OBJECTIVE: To prepare self-assembled polypeptide-platelet-rich plasma hydrogel and to explore its effects on the release of bioactive factors of platelet-rich plasma.
METHODS: The self-assembled polypeptide was synthesized by the solid-phase synthesis method, and the solution was prepared by D-PBS. Hydrogels were prepared by mixing different volumes of polypeptide solutions with platelet-rich plasma and calcium chloride/thrombin solutions, so that the final mass fraction of polypeptides in the system was 0.1%, 0.3%, and 0.5%, respectively. The hydrogel state was observed, and the release of growth factors in platelet-rich plasma was detected in vitro. The polypeptide self-assembly was stimulated by mixing 1% polypeptide solution with 1% human serum albumin solution, so that the final mass fraction of the polypeptide was 0.1%, 0.3%, and 0.5%, respectively. The flow state of the liquid was observed, and the rheological mechanical properties of the self-assembled polypeptide were tested.
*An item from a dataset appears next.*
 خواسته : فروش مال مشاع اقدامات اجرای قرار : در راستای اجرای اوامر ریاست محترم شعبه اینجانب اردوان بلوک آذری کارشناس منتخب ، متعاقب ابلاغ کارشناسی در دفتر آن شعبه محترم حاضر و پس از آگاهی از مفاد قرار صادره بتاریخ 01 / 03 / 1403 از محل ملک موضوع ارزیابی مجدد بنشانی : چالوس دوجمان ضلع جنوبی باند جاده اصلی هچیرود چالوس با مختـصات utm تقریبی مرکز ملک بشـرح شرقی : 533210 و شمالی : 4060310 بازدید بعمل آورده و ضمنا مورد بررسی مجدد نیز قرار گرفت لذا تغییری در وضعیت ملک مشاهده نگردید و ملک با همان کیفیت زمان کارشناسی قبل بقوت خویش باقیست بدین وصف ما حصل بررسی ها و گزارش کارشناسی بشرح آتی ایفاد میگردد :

The microstructure of polypeptide (mass fraction of 0.1% and 0.001%) -human serum albumin solution was observed by scanning electron microscope and transmission electron microscope.
RESULTS AND CONCLUSION: (1) Hydrogels could be formed between different volumes of polypeptide solution and platelet-rich plasma. Compared with platelet-rich plasma hydrogels, 0.1% and 0.3% polypeptide-platelet-rich plasma hydrogels could alleviate the sudden release of epidermal growth factor and vascular endothelial growth factor, and extend the release time to 48 hours. (2) After the addition of human serum albumin, the 0.1% polypeptide group still exhibited a flowing liquid, the 0.3% polypeptide group was semi-liquid, and the 0.5% polypeptide group stimulated self-assembly to form hydrogel. It was determined that human serum albumin in platelet-rich plasma could stimulate the self-assembly of polypeptides. With the increase of the mass fraction of the polypeptide, the higher the storage modulus of the self-assembled polypeptide, the easier it was to form glue. (3) Transmission electron microscopy exhibited that the polypeptide nanofibers were short and disordered before the addition of human serum albumin. After the addition of human serum albumin, the polypeptide nanofibers became significantly longer and cross-linked into bundles, forming a dense fiber network structure. Under a scanning electron microscope, the polypeptides displayed a disordered lamellar structure before adding human serum albumin. After the addition of human serum albumin, the polypeptides self-assembled into cross-linked and densely arranged porous structures. (4) In conclusion, the novel polypeptide can self-assemble triggered by platelet-rich plasma and the self-assembly effect can be accurately adjusted according to the ratio of human serum albumin to polypeptide. This polypeptide has a sustained release effect on the growth factors of platelet-rich plasma, which can be used as a new biomaterial for tissue repair.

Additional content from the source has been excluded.